## What you need to do
From the records below, copy out exactly the lines from the one containing "今日の給食のメニューは「中華" to the one containing "이 논문은 LLM 평가에서의", both included. Add nothing else.

## Exercise inputs
<<<<

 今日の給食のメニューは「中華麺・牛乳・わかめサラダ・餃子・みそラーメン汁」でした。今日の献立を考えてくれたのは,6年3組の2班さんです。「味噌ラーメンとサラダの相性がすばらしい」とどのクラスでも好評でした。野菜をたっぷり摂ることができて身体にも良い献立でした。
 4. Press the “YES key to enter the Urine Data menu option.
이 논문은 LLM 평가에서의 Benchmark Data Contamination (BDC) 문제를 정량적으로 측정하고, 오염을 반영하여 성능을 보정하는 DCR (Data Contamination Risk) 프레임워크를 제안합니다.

>>>>
<<<<

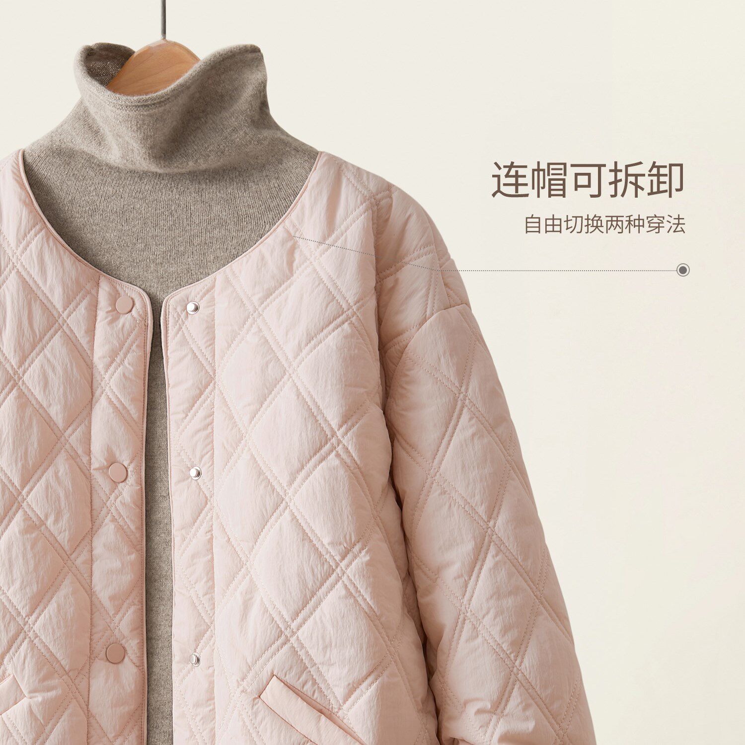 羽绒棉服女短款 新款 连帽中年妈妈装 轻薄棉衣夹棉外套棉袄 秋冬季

>>>>

## Output of the exercise
 今日の給食のメニューは「中華麺・牛乳・わかめサラダ・餃子・みそラーメン汁」でした。今日の献立を考えてくれたのは,6年3組の2班さんです。「味噌ラーメンとサラダの相性がすばらしい」とどのクラスでも好評でした。野菜をたっぷり摂ることができて身体にも良い献立でした。
 4. Press the “YES key to enter the Urine Data menu option.
이 논문은 LLM 평가에서의 Benchmark Data Contamination (BDC) 문제를 정량적으로 측정하고, 오염을 반영하여 성능을 보정하는 DCR (Data Contamination Risk) 프레임워크를 제안합니다.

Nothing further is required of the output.